Unlike many mothers who genuinely don’t know what abortion is, every abortion provider knows exactly what they’re doing. They know it’s not a “clump of cells.” They’ve seen the ultrasounds, the tiny bodies. The tiny body parts. They know what each type of abortion does to target and kill the child.

They know. And yet they still end lives.

Thumbnail for Abortion Doctors Share How The Most Common Abortion Procedures Take Place

Miscarriage and Abortion are Both Tragic

When I think about my children, I don’t just grieve what I lost. I also grieve for every child who is never given the chance to live at all.

I grieve that while I mourn my babies, our culture celebrates when women intentionally kill theirs. 

The truth is simple: life in the womb is life. Human life. If miscarriage is tragic, then abortion is tragic. If my babies were real people worth grieving, then every baby killed in an abortion is a real person worth grieving.

The difference is that I didn’t choose for my babies to die.

Having tasted the surrealness, hope, nerves, and beauty of expecting a child, only to lose it all, the weight of each human life hits differently now. And the weight of human death in the womb hits hard.

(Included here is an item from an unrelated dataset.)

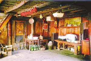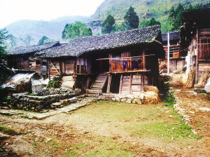 筆者看到的干欄式木樓和吊腳樓在使用的功能上相差無幾,上層住人待客,樓下四壁用木板圍擋,圈養(yǎng)畜禽,存放燒柴、農(nóng)具和秋收臨時(shí)堆放的糧食。豬圈靠里側(cè)依柱圍欄,其它空閑的地方打掃得干干凈凈,有的將織布機(jī)放在樓下明亮的地方。住房一般5間,兩頭兩間是偏廈,中間3間是寬敞的堂屋,一頭設(shè)火塘、土灶,為烤火、煮飯之處;另一頭的中柱供臨時(shí)設(shè)席敬神之用,也有的在板墻上設(shè)佛龕神位,供奉祖先;臥室依房柱用木板靈活隔間。大門有的開在房山墻一側(cè),也有開在中間的,皆登石階、板梯而上。吊腳樓一棟挨著一棟,小巷道曲折狹窄,只容牽牛和順向挑擔(dān)通過。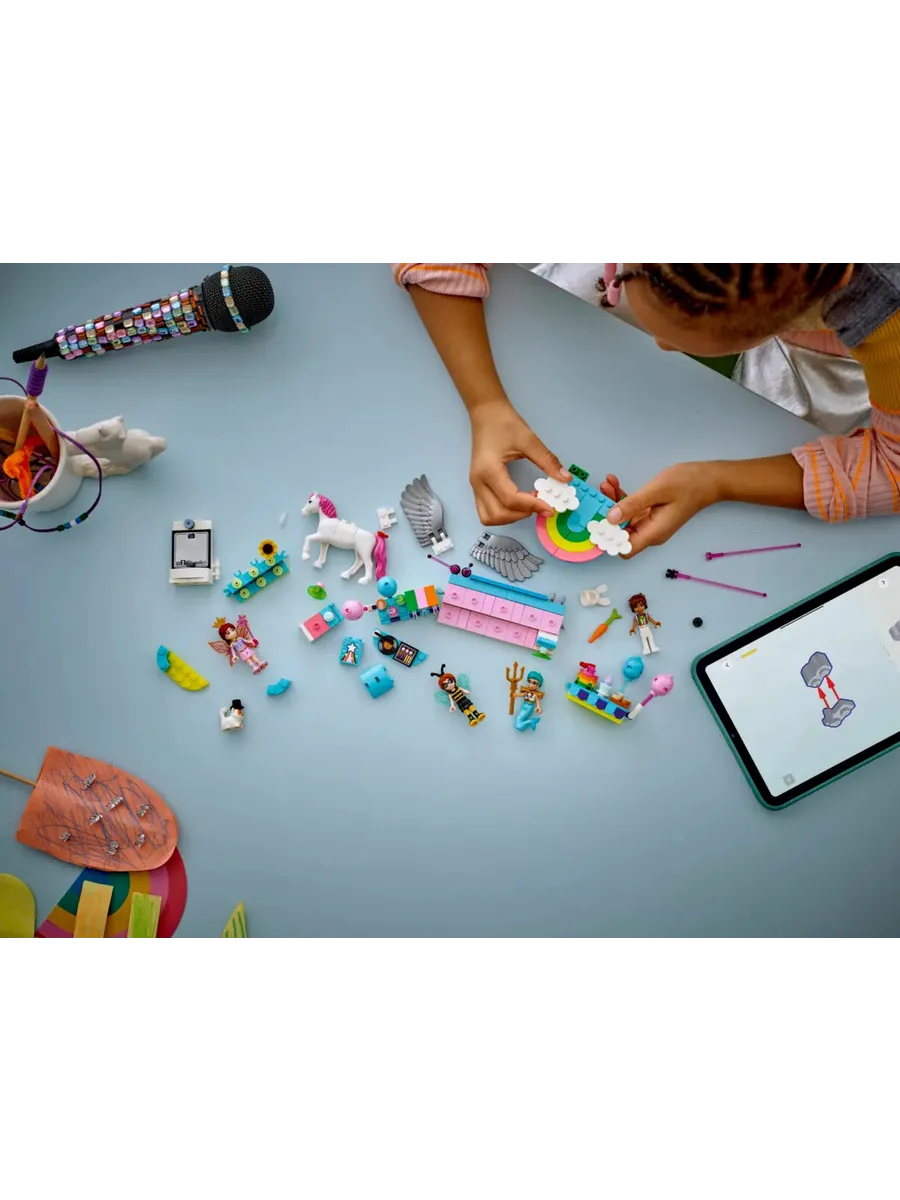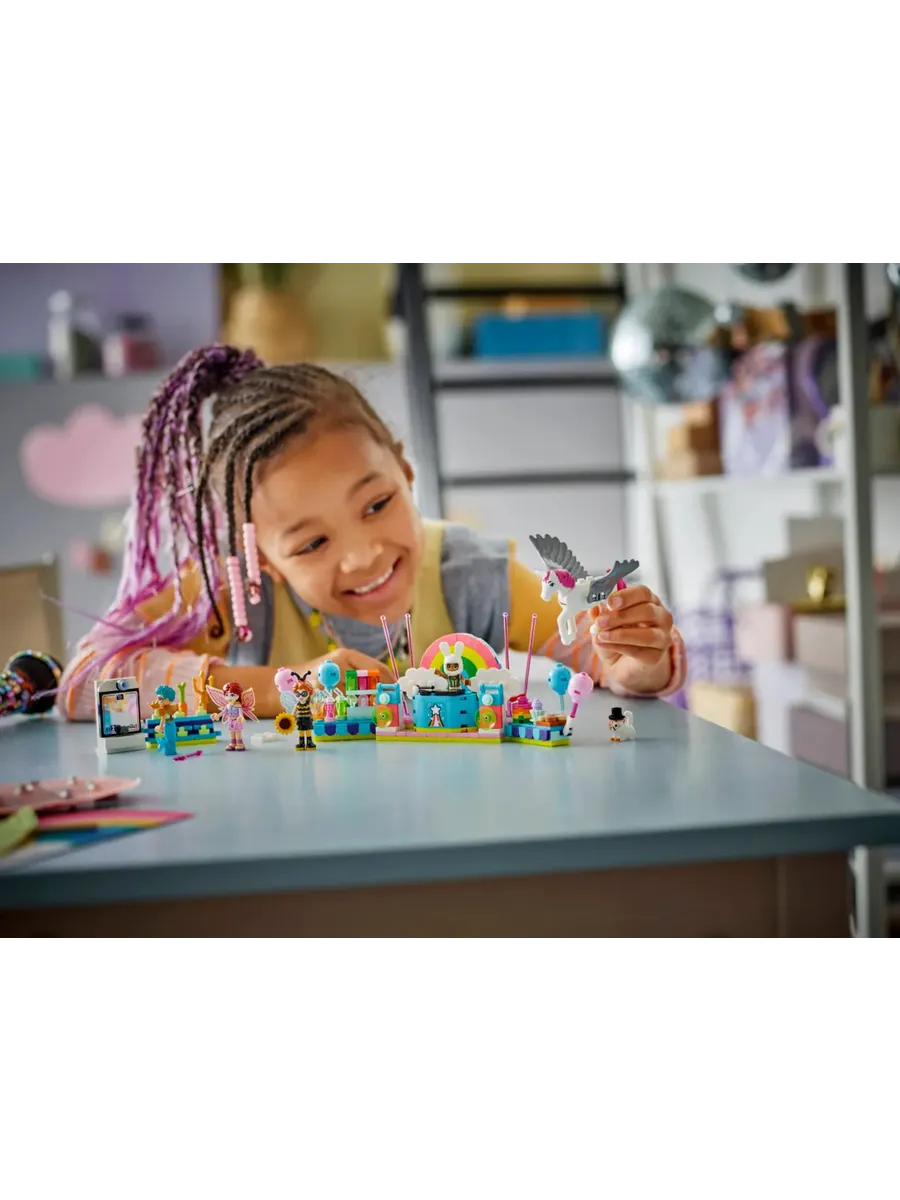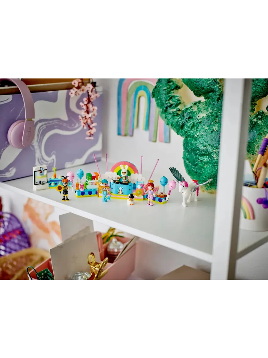 4 мини-куклы и 2 фигурки животных LEGO — начните вечеринку вместе с Отем, Олли, Лео, Пейсли и их питомцами, которые нарядились в шмеля, водяного, фокусника, кролика, фею и единорога.

Life is Fragile and Sacred

My babies have taught me many things, and I imagine they’ll continue to do so. They’ve taught me about grief and surrender. They’ve taught me how fragile and precious life is. But mostly, they’ve taught me how palpably sacred our tiny humans in the womb are. How real.

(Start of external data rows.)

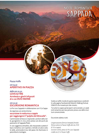 ore 22.30 Escursione Romantica adatta a tutti per raggiungere il "pulpito del Miravalle". L'organizzazione fornisce lampada frontale. Ritrovo presso la piazza Hoffe alle 21.30. Costo di 10 euro a coppia.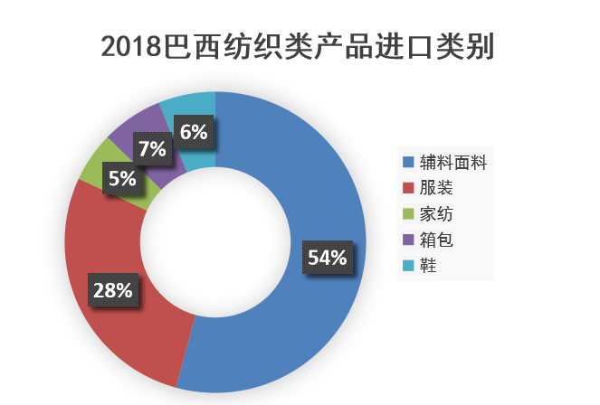巴西進口紡織類產(chǎn)品中,輔料面料占54%,服裝類占28%,鞋類占8%,箱包占7%,家紡類5%。
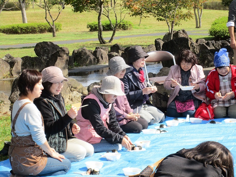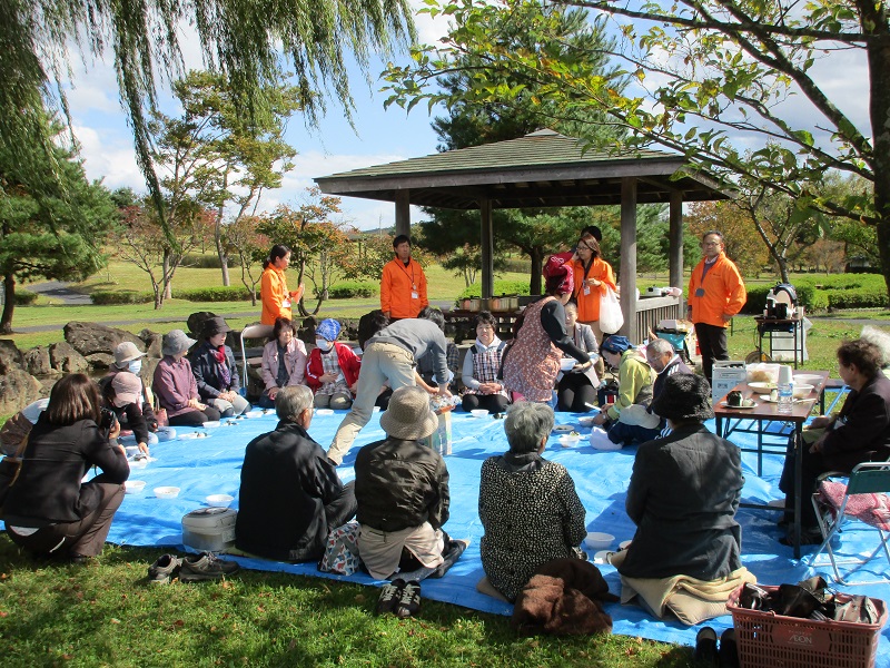一関市社会福祉協議会で毎月行われている「お茶っこ交流会」。今回は一関遊水地記念緑地公園を会場に『いものこ会(※)』を行いました。多少風はありましたが、とても暖かく天気の良い日でした。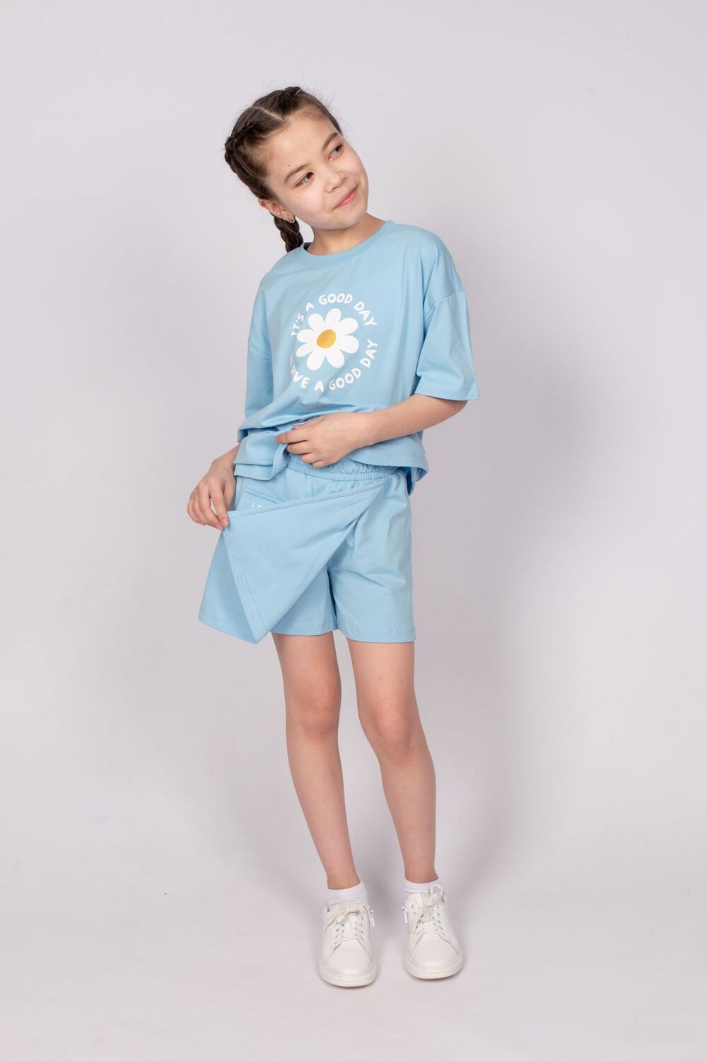 Шорты для девочки прямого силуэта из кулирки с накладным карманом. Пояс отрезной в цвет изделия, выполнен из основного полотна, с эластичной тесьмой внутри. В передней части изделия расположена отлётная часть имитация запаха, из основного полотна. На отлетной части запаха выполнен накладной карман с клапаном из основного материала. На клапане принт шелкография с глиттером. Надпись переводится как Вперед. Низ изделия и отлетная часть запаха обработан швом в подгибку.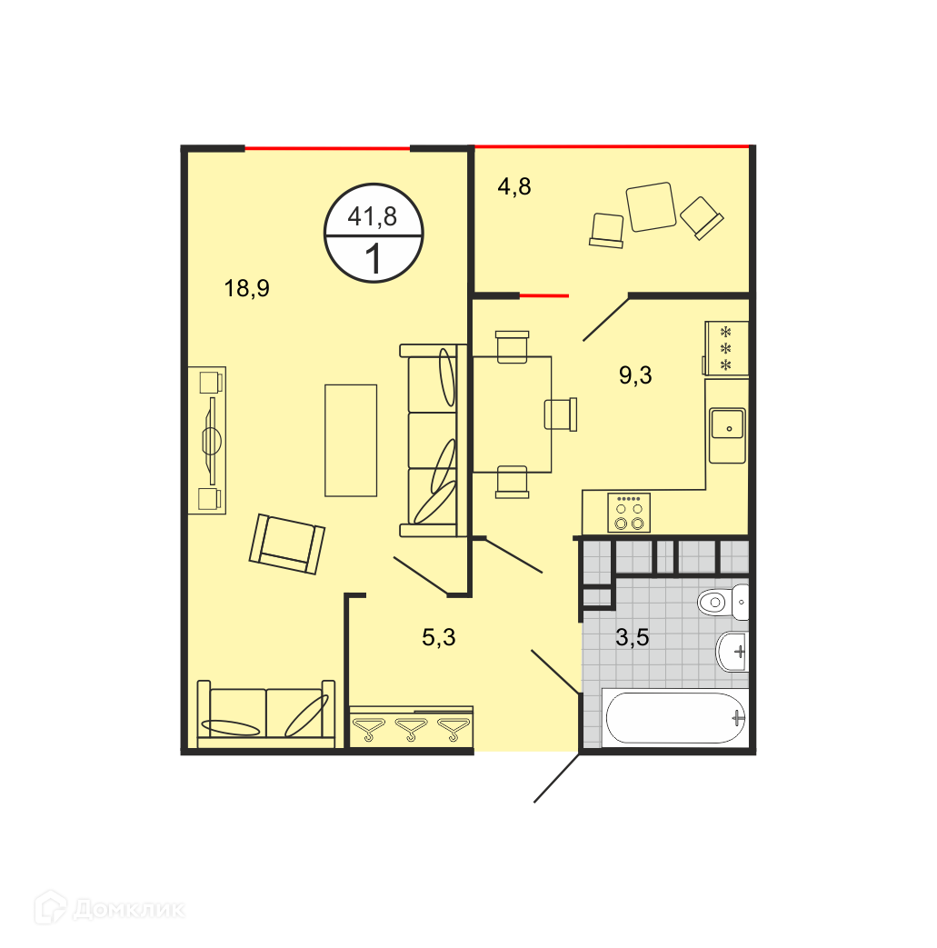 - Общая площадь: 41.33 м²

These people coming to us, growing from the moment of fertilization, cannot be dismissed, dehumanized, or reduced to a “choice.” My babies’ lives, however short, mattered.

And so does every single human being in his mother’s womb.

Abortion has always been wrong, but miscarriage has made it undeniably, unforgettably wrong. Every life is worth protecting, and no act of convenience, fear, or pressure can make the killing of an innocent child anything but evil. 

For Jack and Ponty and all the babies.